Recommandations autour des œuvres du cahier de partitions

Marcel Proust et la musique ? Sujet inépuisable, aux ramifications complexes, plongeant au cœur même de la société dans laquelle l’écrivain évoluait en observateur attentif et sceptique, amusé et distant autant que profond et impliqué, acteur majeur d’un milieu bourgeois qui entretenait des relations étroites avec la musique.

Mais dans les années de la Recherche du temps perdu, la relation du public avec la musique différait de façon capitale avec la nôtre : elle passait prioritairement par le concert et la pratique en amateur.
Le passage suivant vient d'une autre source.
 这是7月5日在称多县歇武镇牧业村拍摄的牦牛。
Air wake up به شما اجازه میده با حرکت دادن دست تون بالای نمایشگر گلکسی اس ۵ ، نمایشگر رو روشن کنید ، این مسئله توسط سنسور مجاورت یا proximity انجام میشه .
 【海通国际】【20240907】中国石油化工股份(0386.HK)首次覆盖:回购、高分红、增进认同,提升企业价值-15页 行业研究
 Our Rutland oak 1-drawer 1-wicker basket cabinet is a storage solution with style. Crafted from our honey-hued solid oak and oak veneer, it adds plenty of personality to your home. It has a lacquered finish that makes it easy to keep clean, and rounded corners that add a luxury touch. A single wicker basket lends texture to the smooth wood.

Proust était amoureux de Reynaldo Hahn, compositeur, pianiste et chef d’orchestre dont l’œuvre reste à bien des égards inconnue, qui a beaucoup appris en musique à l’écrivain abonné au Théâtrophone, ce qui lui a permis d’écouter un casque sur la tête – et en stéréophonie –, la première de Pelléas et Mélisande de Debussy.
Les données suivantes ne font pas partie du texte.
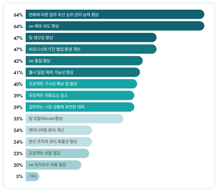 하지만 관심을 가지고 볼 것은 마케팅, 보안, 휴먼 리소스 같은 분야도 적지 않은 비중이 적용을 하고 있다는 것이다. 또한 상대적으로 낮은 비율이긴 하지만 영업, 금융, HW 개발도 이미 Agile을 적용하고 있다는 것이 주목할 필요가 있을 듯하다. Agile에 단순히 SW 개발뿐 아니라 산업 전반에서 적용되고 있고, 점점 더 그 적용 비율이 커져 가고 있다는 것이다. 우리 기업에 Agile이 맞을까? 하는 고민은 어쩌면 기우일 듯하다. 이미 많은 산업 분야에서 적용을 하고 있으며 나름의 성과도 얻어 내고 있기 때문이다.

Crédit photo : Dutch National Archives, The Hague.

Le cas de l’Opus 49 n° 1

L’imaginaire de Proust en ce domaine venait de ce qu’il avait entendu dans son enfance, dans les salons que ses parents proches et lointains fréquentaient, des petites pièces pour piano ou piano à quatre mains, transcriptions de symphonies et d’opéras, mélodies accompagnées au clavier dans des pièces de musique à l’acoustique feutrée, assourdie par les rideaux et les tapis. En une époque toquée de cet instrument, si toquée que Debussy fustigeait les concertos pour piano de Beethoven et disait que les sonates pour piano du compositeur allemand étaient mal écrites pour le clavier, car il y avait trop d’orchestre dedans !

Ce n’est assurément pas le cas de l’Opus 49 n° 1, la plus facile sur le plan pianistique du corpus des 32 sonates. Elle tombe sous les doigts, va de son allure simple, enfin pas autant qu’on pourrait le croire, car cette œuvre est très émouvante : son premier mouvement, un Andante, n’étaient ses deux thèmes, pourrait parfois passer pour une bagatelle, ce qu’il n’est assurément pas. Il faut chercher sur Youtube ou sur une plateforme de streaming l’interprétation très ancienne mais d’une beauté de son incroyable d’Artur Schnabel, ou celle d’Yves Nat, plus rapide, dont l’allure a quelque chose de plus volontaire qui ne tient pas qu’au tempo.

Franck à la messe du dimanche matin

La musique de Franck était encore toute neuve du vivant de Proust et il y avait alors de grandes chances pour qu’à la messe du dimanche matin on y entende le Prélude pour l’Ave Maris Stella joué à l’harmonium à deux mains de la plus modeste église de village, comme votre serviteur l’a fait dans son adolescence puisque cette partition était présente dans les recueils en usage dans les lieux de culte. Tout comme celles des deux Noël angevin, deux pièces très courtes qui exigent « juste » un jeu legato bien au fond du clavier pour en sortir le son le plus plein possible, mais il faut aussi bien détacher les parties d’accompagnement et bien faire entendre les effets d’écho.

Malheureusement les pianistes les délaissent, il faut donc chercher sur Qobuz l’intégrale des œuvres pour l’harmonium de Franck par Joris Verdin pour se faire une idée du caractère de ce Noël et de son esprit. Et pour l’Ave Maris Stella, sa version originelle pour orgue.

Mendelssohn sur les pupitres des pianos proustiens

Les Romances sans paroles de Mendelssohn étaient présentes sur les pupitres des pianos proustiens… bien qu’elles soient loin d’être toutes commodes à déchiffrer. Le Chant du gondolier op. 19 n° 6 : il faut aller sur Youtube et chercher la version de Guiomar Novaes, pour apprécier l’élasticité qu’il faut mettre à cette pièce, la façon de la faire sonner, de phraser la main gauche ici capitale et le chant par dessus… sommet d’un art pianistique contemporain du petit Marcel, comme l’était celui de Debussy, dont Ondine reste l’un des préludes les plus immatériels, pièce qui ne peut être jouée qu’assimilée totalement pour que du son, des plans sonores, des oppositions de sonorités aux deux mains surgissent la musique.

Les grands interprètes sont pléthores mais, par chance, une vidéo de Catherine Collard la jouant est disponible sur la page Facebook de Meloclassic : la vision de ses mains sera instructive.

Fauré et la production du son proustien

Pour finir, Dolly de Fauré, suite si bien écrite pour quatre mains. Surtout, dans la Berceuse, ne pas traîner, aller de l’avant – même et surtout quand on se trompe ! Cédric Pescia et Titien Collard sur France Musique repris sur Youtube sont parfaits, et l’œil permet de comprendre bien des choses dans la production du son… proustien.